Thus, it's important to note that under the client/web folder you can run pretty much any modern web framework you want, as long you set it up.

package.json file

In client/web, you'll also find a package.json file. This file is used to give information to npm to enable it to identify the project as well as handle the project's dependencies.
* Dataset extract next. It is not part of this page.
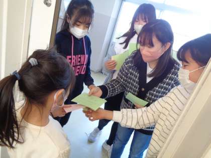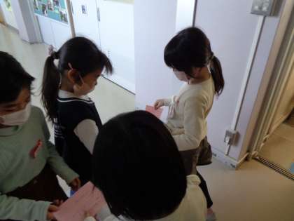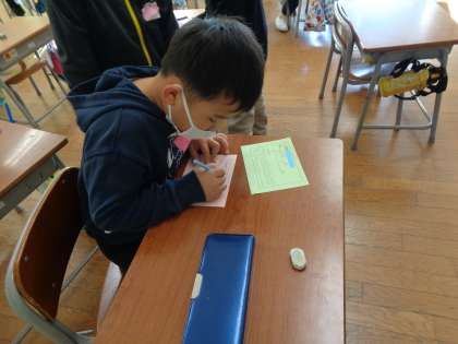 なかよしタイムに、1年生の子供達が階段を上って2年生の教室前にいたり、6年生が1年生に声をかけたりしながら、名刺交換を行っていました。1年生のリクエストに応えて、名前にふりがなを振ったり、「○○っていうよ」と自己紹介したりする姿を見られました。

It can also contain other metadata, such as a project description, the version of the project in a particular distribution, licence information or even configuration data.

Looking deeper at our package.json, at the top you'll find the name and description of your application.

Following this, there are three key sections you need to be aware of:

  • config
  • scripts
  • dependencies

Config

When running the app on your local machine, you can adjust a few settings under the config section, including which host to connect to and what port to run the dev server on.

client/web/package.json
  "config": {
    "API_HOST": "ws://localhost:9064",
    "DEFAULT_USER": "JaneDee",
    "DEFAULT_PASSWORD": "beONneON*74",
    "PORT": 6060
  },

Since our back end is running locally, we set the API_HOST to localhost (ws://localhost:9064).

Scripts

The next section is scripts.

client/web/package.json
  "scripts": {
    "build": "npm run build:webpack",
    "build:with-host": "cross-env API_HOST=$npm_package_config_API_HOST npm run build:webpack",
    "build:webpack": "cross-env NODE_ENV=production AUTO_CONNECT=true webpack",
    "clean": "npm run clean:dist",
    "clean:dist": "node ../.build/clean.js dist",
    "copy-files": "copyfiles -u 1 src/**/*.{css,scss,ttf} ./dist/esm",
    "dev": "npm run dev:webpack",
    "dev:webpack": "cross-env API_HOST=$npm_package_config_API_HOST AUTO_CONNECT=true DEFAULT_USER=$npm_package_config_DEFAULT_USER DEFAULT_PASSWORD=$npm_package_config_DEFAULT_PASSWORD NODE_ENV=development webpack serve --open",
    "serve": "serve dist -p $npm_package_config_PORT",
    "test": "echo \"Error: no test specified\""
  },
info

Your settings from the config block will be passed to different scripts as environment variables, using cross-env.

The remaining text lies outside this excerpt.